There is not a club cricketer in the land who has not been stuffed by a wicketkeeper in that fashion at some stage. What was interesting, though, was the evident desperation in Smith’s dive, once he sensed danger. He often talks about his love of batting, and here was the clearest illustration of it: getting run out on this pitch? That’s a fate he could not countenance. For 20 minutes over four hours, Smith remained front and centre of Australia’s reply, passing 700 runs for the series in the process.
One thing England have not tried against him, as they have run the gamut of plans from A-Z and back again in the past two series, has been a left-arm swing bowler. There were signs in Sam Curran’s first spell that Smith took some time to adjust to this new angle of attack, as he played and missed once, and twice let the ball inadvertently cannon into his pads. He did not look certain but nor did he look vulnerable, which his partners increasingly did as Curran extracted some swing — absent until then — late in the afternoon.
There are not many days, according to the national selector Ed Smith when he first picked Curran, that the Surrey man does not have an impact upon a game, and Curran’s turn came either side of tea when he accounted for Wade, Tim Paine and Pat Cummins, the last two with consecutive balls.
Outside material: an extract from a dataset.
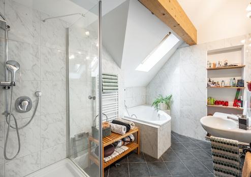- Helles Bad mit Wanne, Dusche und Fenster – Wohlfühlkomfort im Alltag
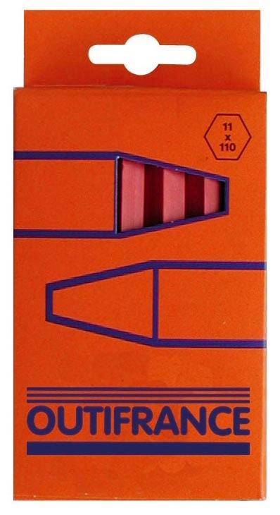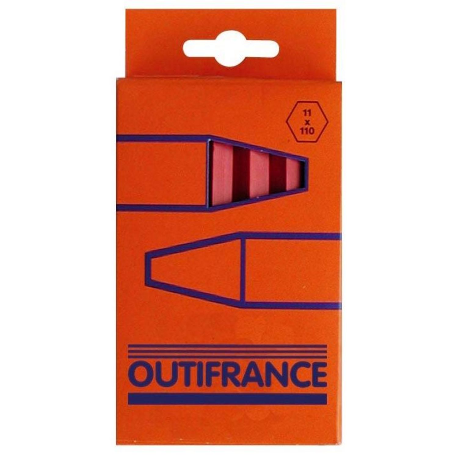 Craie grasse pour écrire sur toutes surfaces dans le bâtiment et l&rsquo,industrie, octogonale, livrée en boÎte de 12 craies ou sur carte de 2 craies.

All three dismissals highlighted what a left-arm swing bowler can bring, with Wade too far across his crease, looking for swing that did not materialise, Paine beaten on the angle, and Cummins by swing. Curran might have had Smith, too, had clung on to a flier at slip.
Archer’s third spell of the day, one of seven overs immediately after tea, brought him his fourth wicket, when Mitchell Marsh picked out fine leg with a pull. Would Archer have swapped all four for Smith? Probably, given that for all the talk of concussions and fearsome bouncers, Smith has remained beyond Archer’s reach all summer. Instead, it fell to Chris Woakes, innocuous hitherto, to bring Smith’s vigil to an end in an unlikely manner, missing a bread-and-butter tuck to leg from a straight ball. They say he never misses them, which is why England have erred wide all summer, but that plan has hardly borne fruit, either: this score of 80 was Smith’s lowest of the series.
Archer came back for more, bowling Nathan Lyon with a slower ball and having Peter Siddle caught brilliantly in the gully by Rory Burns, six wickets no less than he deserved for his unstinting efforts. Joe Denly and Burns stretched England’s lead by nine more before the close, although to say these runs came without alarm would be a stretch: Denly, arriving late to the ground in the afternoon after the birth of his daughter, was dropped at gully, and Burns had to review a shocking leg-before — which he did with disdain — off the final ball of the day to survive.
At the start of the day, England’s score, a middling, better than it might have been but not quite as good as it should have been affair, had spectators scratching their heads: 294? What did it mean? It meant a handy first-innings lead, which, when you have been put into bat on a dry pitch, is where you want to be.